The saga began in 1997, when the Maine Board of Environmental Protection approved Chester Randall Dunican and his wife, Kathleen, to use 164,000 cubic yards of waste material from the Gates Formed Fibre Company in Auburn to create berms for their proposed rifle range in Warren, according to Maine DEP documents.
They bought the property from a man who already had an active shooting range on the site with intentions to grow the business. The Dunicans said they were going to cover the waste material, which was mostly polyester and polypropylene carpet waste from old trucks, with soil to prevent stray bullets from leaving the property.
By 2000, a Maine DEP inspection found that 75 percent of the material was uncovered, the Dunicans had dumped nearly twice as much material as it was licensed for and the couple was nowhere to be found.
The state took the Dunicans’ company, Steamship Navigation, to court in 2003 and the Maine DEP received $410,000 from the former owner to help clean up the project.
The town has been trying to pawn off the waste ever since. The Maine DEP proposed using some of the material to fill a quarry at the former Maine State Prison once it was demolished, but ultimately did not after Thomaston residents raised concerns over the plan. Later proposals included recycling the waste into composite lumber and burning the material for fuel. Despite promising results, both plans eventually fizzled out.
The carpets are leaking PFAS into the soil and the highly flammable materials are a fire hazard.
The Maine DEP provided early documents from its legal correspondences with Steamship Navigation, but did not answer additional questions.
The town resisted foreclosing on the property for decades out of fear that it would be held liable for the cleanup. But in 2022, the town finally voted to do so after the Maine DEP guaranteed it wouldn’t be liable.
The town is still responsible for the cleanup, though, if it wants the property to be developed. But without financial help, the town can’t do much with its small tax base, Howard said.
That’s why it applied for a Brownfields grant — a program with the U.S. Environmental Protection Agency that funds assessment and cleanup of contaminated properties in communities, states and tribes. The town learned it was denied the funds in May, Howard said.
“We are looking forward to the Brownfields to get it cleaned up,” Howard said. “And so that the town doesn’t have to have that material still on the property.”
She doesn’t know why Warren didn’t receive the grant, but she’ll meet with the EPA this summer to learn why, Howard said. Then the town will apply again.
In the meantime, there’s nothing the town can do, Howard said. It doesn’t want to use tax money to clean up the site, and the tax base for the town of less than 5,000 isn’t big enough to provide the $2 million needed to do the cleanup anyway.
The Maine DEP used the litigation funds it won from Steamship Navigation to demolish old buildings on the former rifle range and to clean up some asbestos and lead.
But to be truly cleaned up, the carpet mountains will have to be consolidated into one spot and covered with soil to make a giant plateau, Howard said.

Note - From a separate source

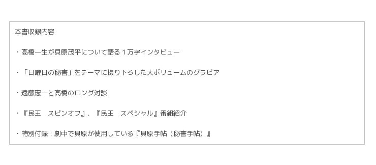 2015年7月~9月にテレビ朝日系列で放送された大ヒット連続ドラマ『民王』の付録つきブックが登場です! 4月15日(金)・22日(金)に『民王スペシャル』および『民王スピンオフ』が2週にわたって放送されるのを受け、『民王スピンオフ』主演の貝原(高橋一生)をフィーチャーした一冊となっています。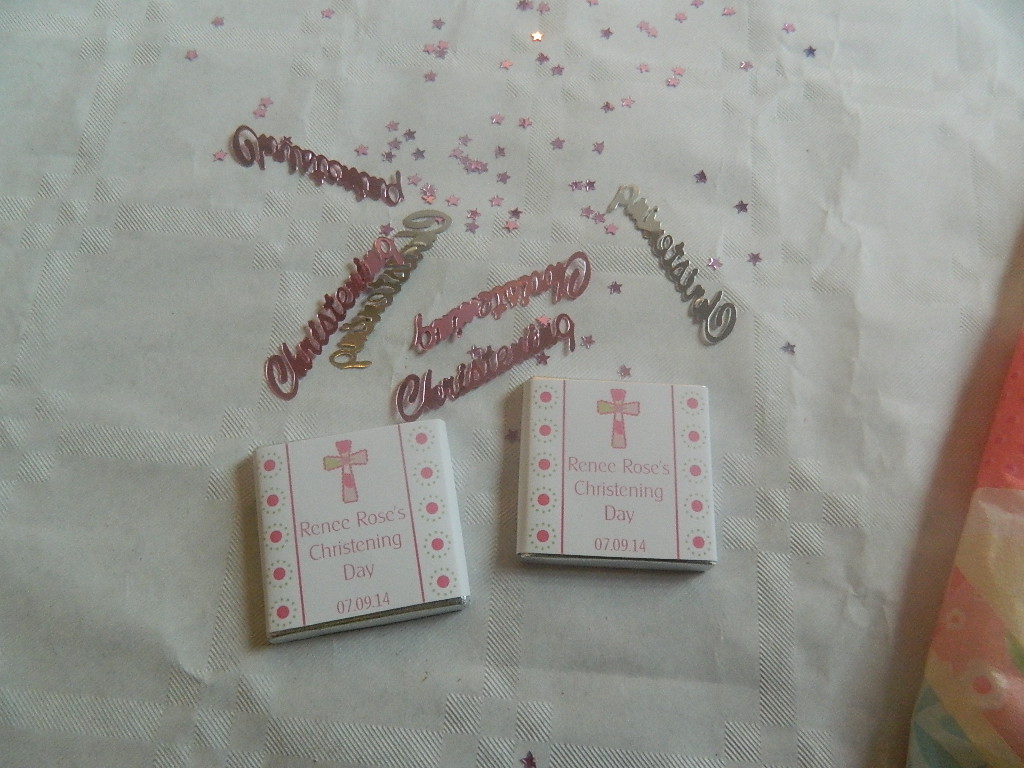 The favours were a very pretty pink and white colour. On the front there was Renee’s name and the date of the Christening, on the back there was a message – ‘thank you for sharing my special day’. Each favour was a dark chocolate with a mint flavour – they tasted absolutely delicious and were a big hit on the day, especially with the children in attendance.

Ideas for development are still just that, but because of PFAS contamination, the plot can never be residential. The Maine DEP assured the town that once the carpet is covered, it will stop leeching PFAS, Howard said.
The town has considered placing solar panels on the property, but with a 600-acre solar farm in the works and a town ordinance that restricts how much land in the municipality can be used for solar, that may not happen.